VALE TUDO PELA SUA ATENÇÃO NAS REDES SOCIAIS?
10/06/2020
Texto de Denis Pacheco, com reportagem de Gabriel Guerra e Matheus Souza
Quando chegou ao Brasil, a Internet surgiu como uma espécie de “terra de ninguém”. Apesar do sentido aparentemente depreciativo da expressão, a então chamada “rede mundial de computadores” era um território descentralizado e não dominado por buscadores de conteúdo. Sites possuíam endereços virtuais difíceis de se memorizar, e as primeiras formas de se comunicar em tempo real envolviam a criação de personas virtuais, incluindo aí nicknames que mascaravam as identidades reais dos usuários. Quase 30 anos depois, o cenário atual não poderia ser mais diferente. O que era anárquico se tornou por demais regrado, o que pode ser positivo, por exemplo, quando se discute mais ativamente a importância da privacidade e proteção de dados na rede, ou insuficiente em função do avanço indiscriminado das notícias falsas (as fake news, em inglês), que explora brechas nos termos de responsabilidade elaborados pelas grandes plataformas privadas.

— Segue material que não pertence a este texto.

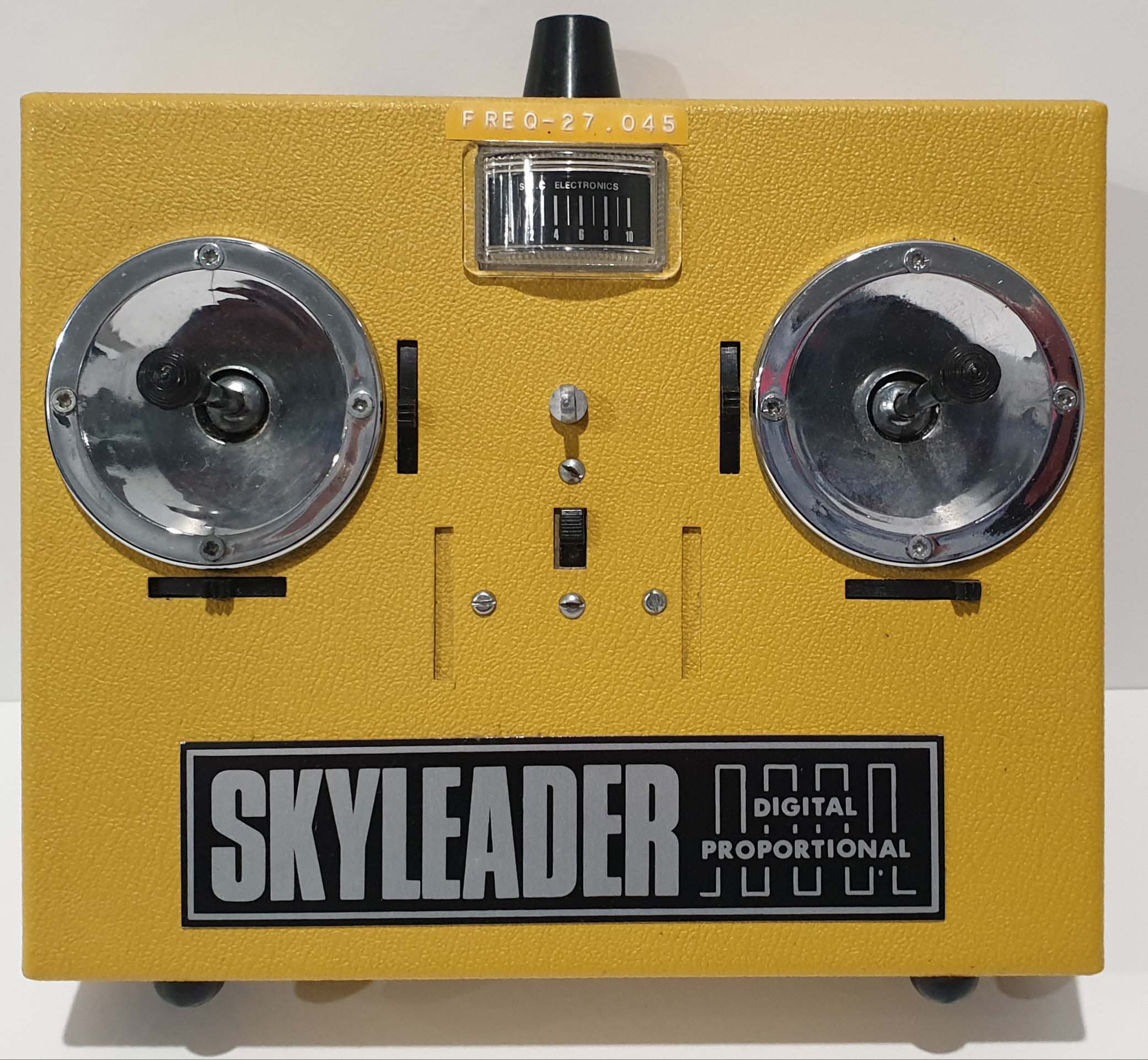 It's a Skyleader SL and were built between 1969 and 1972. It was the first Skyleader with the familiar yellow vinyl clad case and their first to use the Kraft Hayes joysticks. They used numerous different types of meter, so yours may look slightly different to some other SL. Sorry all my transmitters are in storage, so I've used an old photo of some of my SL.
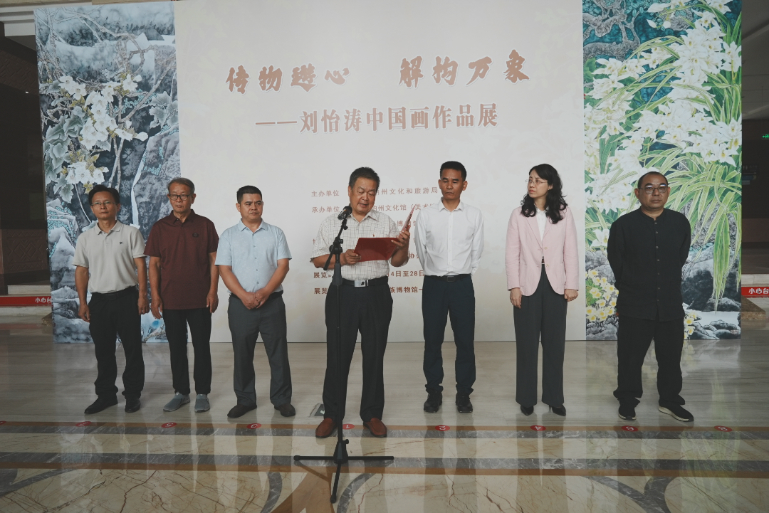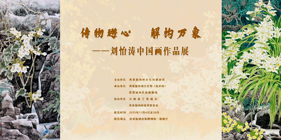 11月5日上午,"传物遊心·解构万象"刘怡涛中国画作品展开幕式暨捐赠仪式在西双版纳民族博物馆盛大启幕。本次活动由西双版纳州文化和旅游局主办,中国画坛百杰画家、云南省文史研究馆馆员刘怡涛携近年创作的66幅精品力作亮相,其中代表作《幽林晨霧石斛馨》正式捐赠给西双版纳州美术馆。
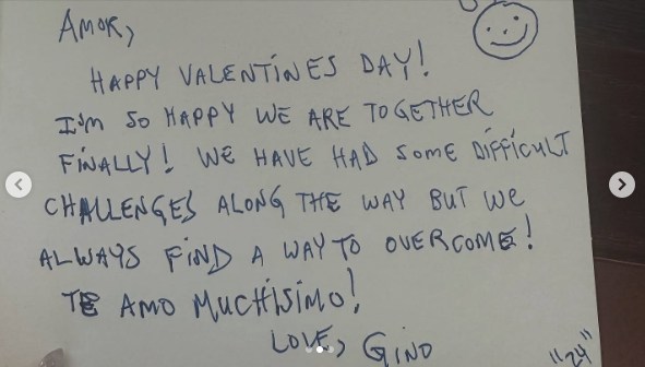 Jasmine also shows a card that Gino had written for her on Valentine’s Day. “We have had some difficult challenges along the way but we always find a way to overcome!” Despite stating that he was “happy to be together finally,” Gino still allegedly requested the separated rooms. In a comment, Jasmine wrote on her post, “I’m looking forward to have a better Valentine’s Day this year…Some life lessons have to be learned the hard way…”
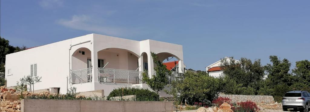 Hiša se nahaja v mirnem naselju, 100 m od morja. Obdan z naravo ponuja fantastičen pogled na morje in otoke. Idealen je za dve družini (6 2);
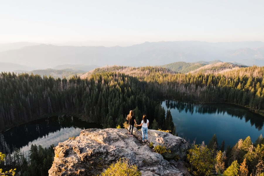 Are you ready to feel like the only two people on the planet? Next, I’ll take you up, up, up to the top of the Cascade Mountain Range, where you’ll have a 360-degree view to take in the sunset, as well as spot nearby mountains like Mt. Bachelor, Diamond Peak, Mt. Thielsen, Mt. Bailey, and even Mt. McLoughlin and Mt. Shasta in the distance. These locations aren’t found on AllTrails, so you’re almost guaranteed to have the mountain (and neighboring mountains) to yourself. As you stand perfectly still, you can hear the light wind and absolute silence all around you.
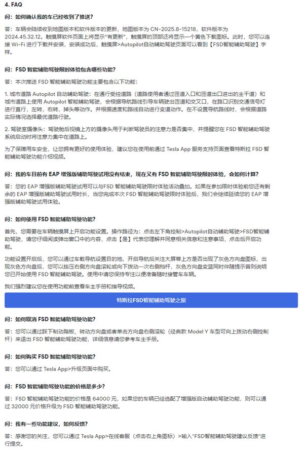 目前 FSD 智能辅助驾驶功能仅在部分车辆上推出,会尽量为适用的车辆推送,但可能因各种因素无法覆盖圆满,请以车端实际开通为准。
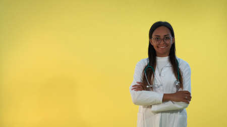 Black female doctor in lab coat smiling to the camera on yellow background. She is with stethoscope on shoulders.
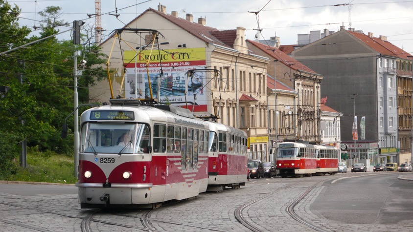 T3R.PLF 8259 zieht T3R.P 8564, sie biegen aus der Sokolovska in Richtung der Station Palmovka
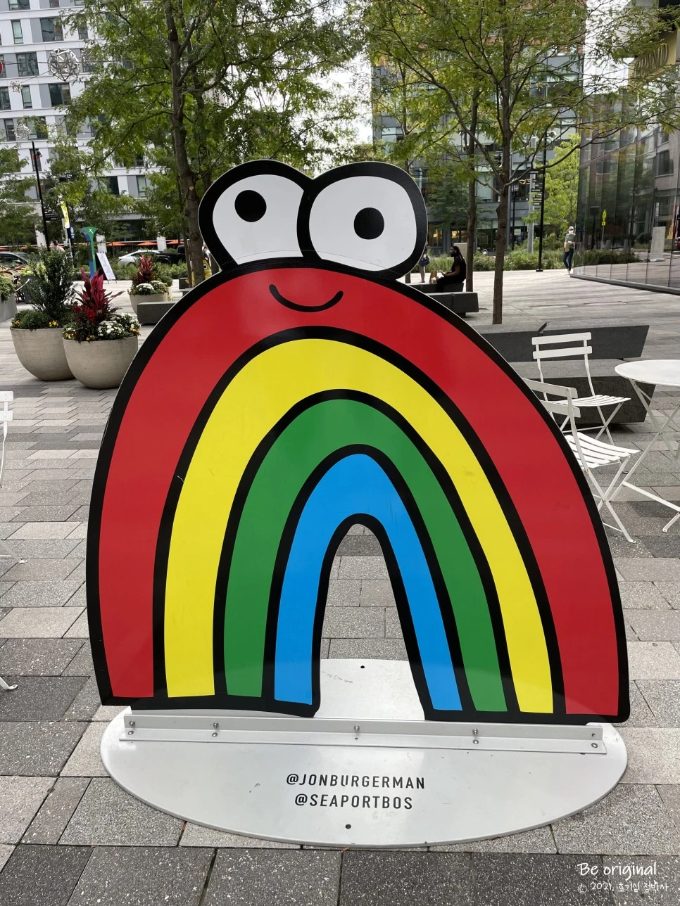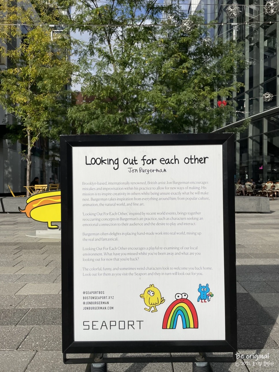 존 버거맨의 이번 작품은 Looking out for each other. 작가가 자신의 인스타그램에 올렸던 작품들을 바탕으로 2D 및 3D 설치물로 제작한 것이다. 버거맨은 보스턴 시민들이 이 캐릭터들과 소통하면 좋겠다는 바람으로 만들었다고 한다. 이 작품들은 차가운 콘크리트 거리와 메탈, 유리 빌딩 사이의 One Seaport 광장에 설치됐다. 귀여운 친구들로 삭막함이 없어졌고, 팬데믹으로 얼어붙은 보스턴 사람들의 마음을 녹여준다.
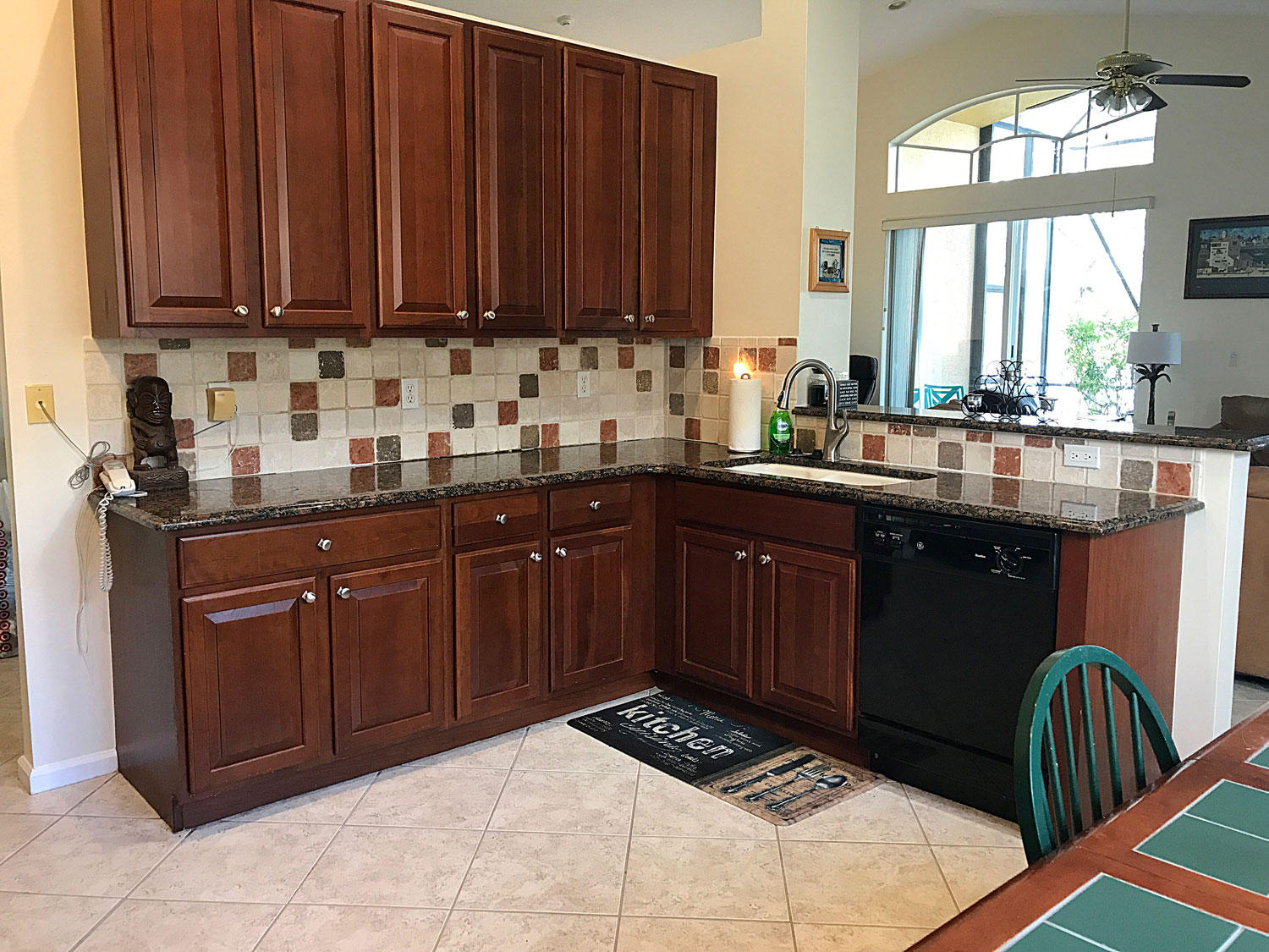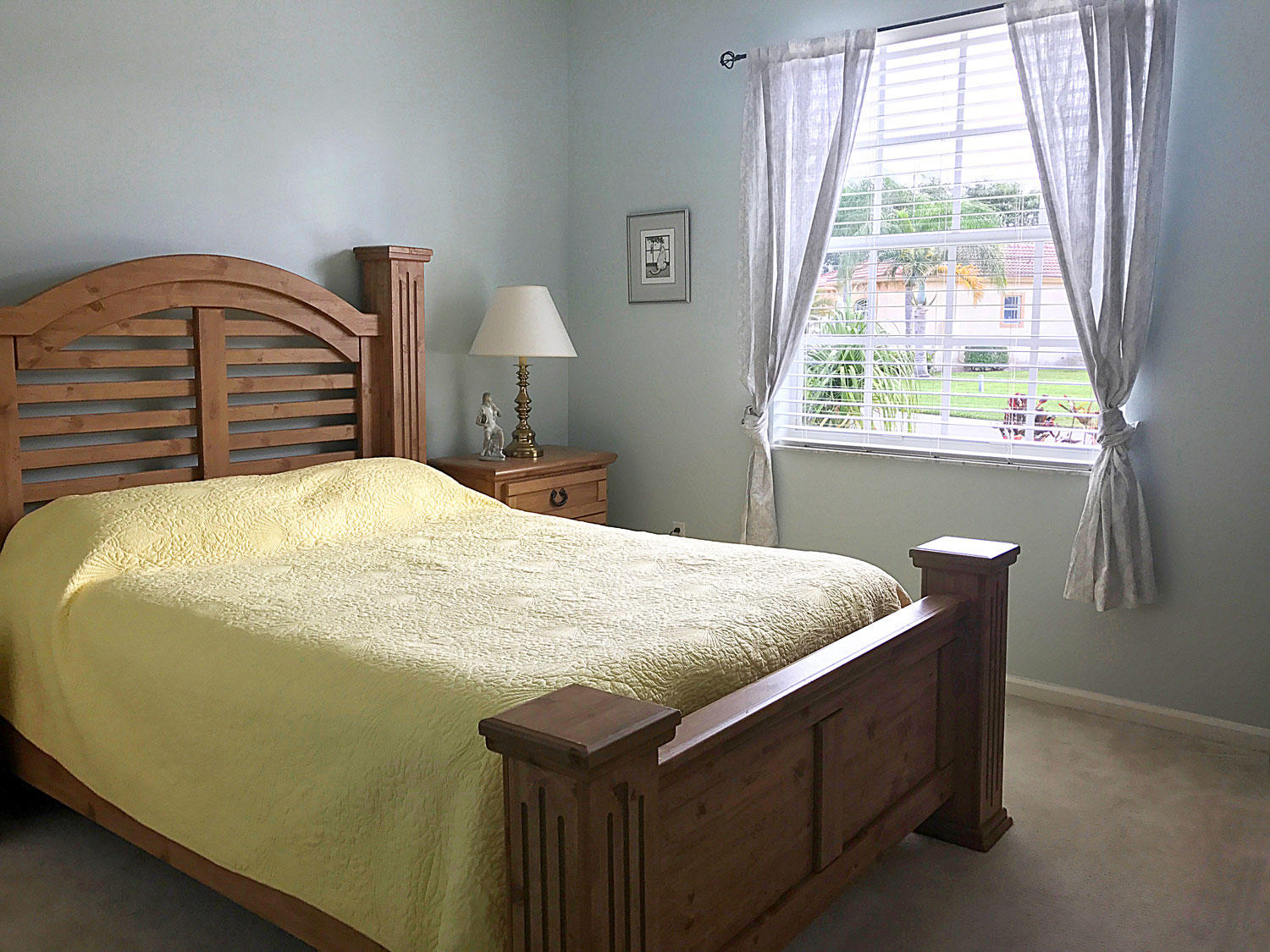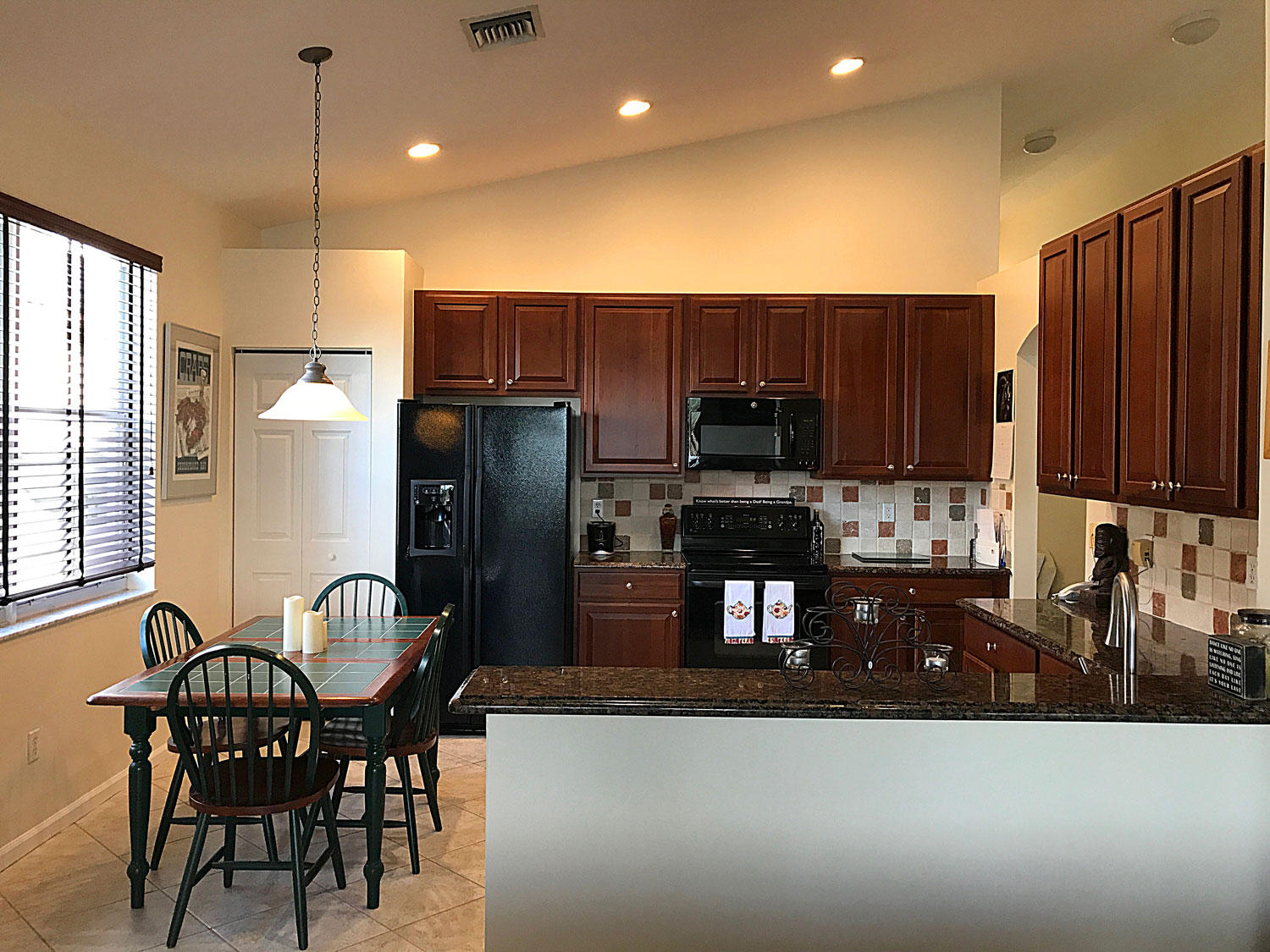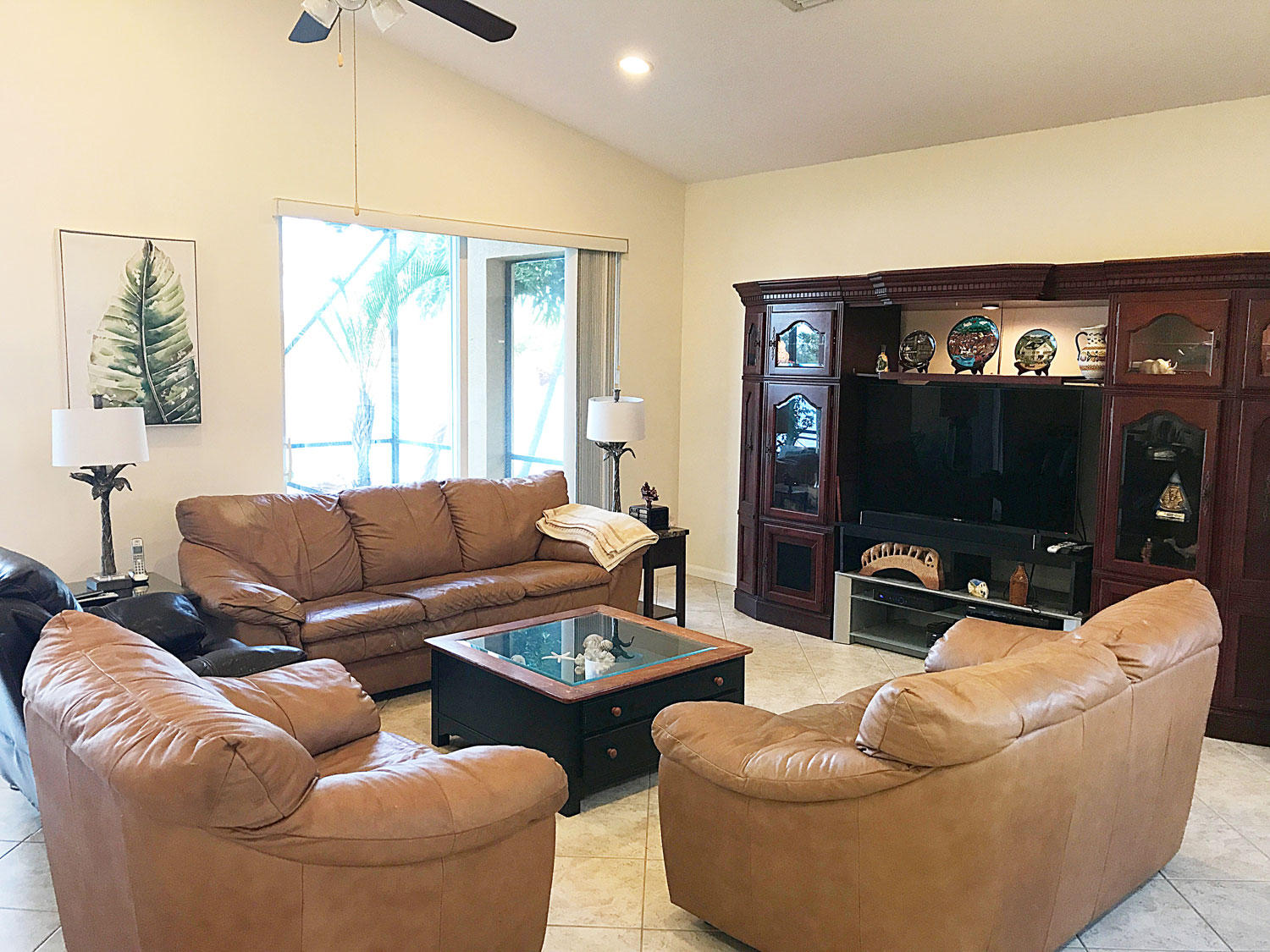 Extraordinarily well maintained home. Absolutely sparkling three bedroom, two bath, on one of the most beautiful waterfront lots in the community. Granite kitchen, large light color ceramic tile laid diagonally. Master bedroom has two walk-in closets, with SGD overlooking lake. Master bath with dual vanities and whirlpool tub, with separate shower. Lovely listello in foyer. Large 13x24 screened porch overlooking lake. Dual sliders in family room, vaulted ceilings with ceiling fans throughout. Two car garage with workbench, and hurricane shutters included. Great community amenities include large community pool, children's pool, tennis courts, basket-ball, exercise room, and bocci ball court. 24 hours manned gated security. Ten minutes to PBI airport, five minutes to Turnpike

Com a introdução de redes sociais como o Facebook, que atualmente tem uma base de 127 milhões de usuários mensais no Brasil, a utilização de nomes reais associados a fotos de perfil mudou para sempre a forma como nos apresentamos e nos comportamos na Internet. E a partir dessa mudança, começaram a surgir figuras que hoje disputam nossa atenção e rivalizam até mesmo com o poder das grandes emissoras. Os chamados influenciadores (ou influencers, em inglês) se tornaram as figuras mais proeminentes das redes sociais e das plataformas de conteúdo, como o YouTube. Se redes como o Twitter, Facebook e Instagram fossem nações, os influenciadores seriam seus mais notáveis embaixadores. [...].
“A gente considera influenciador, no discurso ‘comum’, como uma pessoa que tem um grande número de seguidores e influencia pessoas”, explica Pablo Ortellado, professor do curso de Gestão de Políticas Públicas da Escola de Artes, Ciências e Humanidades (EACH) da USP e coordenador do Grupo de Pesquisa em Políticas Públicas para o Acesso à Informação (Gpopai).
Para ele, a teoria por trás dos influenciadores começou lá atrás, com a ideia, ainda na época dos meios de comunicação de massa, de que as pessoas não se informavam diretamente com a fonte primária, mas em sistema de duas escalas. “Uma pessoa tinha muita influência em uma determinada comunidade, se informava, formava uma opinião e distribuía entre as pessoas sobre quem ela tinha ascendência”, esclarece. Armados com diferentes tipos de retórica, os influenciadores se distinguem não apenas pela plataforma ou canal no qual se fazem mais presentes, mas também pelos diferentes usos de linguagem que utilizam para atingir seus públicos. “Tem influenciador que tem linguagens muito simples, que simplesmente se apoia no seu carisma. Outros são influenciadores que se estabelecem porque eles têm algum conhecimento técnico, como esses da área de ciências. Não tem uma regra geral”, classifica Ortellado.
Para Elizabeth Nicolau Saad Corrêa, professora da Escola de Comunicações e Artes (ECA) da USP e pesquisadora nas áreas de comunicação e jornalismo digital, existem dois tipos de influenciadores em ação nas redes. “De um lado a gente tem o ‘influencer efetivo’, que é aquela pessoa que tem um conjunto de competências e habilidades num determinado tema e que por conta desse conjunto ela ganha legitimidade para falar sobre ele”, explica ela. Na sequência, de acordo com a professora, o segundo tipo de influenciador é um fenômeno característico que nasce nas brechas das redes sociais. “São aqueles que são alavancados por meio de quantidade de likes e de ampliação de seguidores, algumas vezes por meio de compra de seguidores”, pontua ao deixar claro que, para enquadrar pessoas nessa categoria, é necessária uma análise cuidadosa.
Fonte: PACHECO, D.; GUERRA, G. e SOUZA, M. Vale tudo pela sua atenção nas redes sociais? Jornal da USP, 2020. Texto adaptado.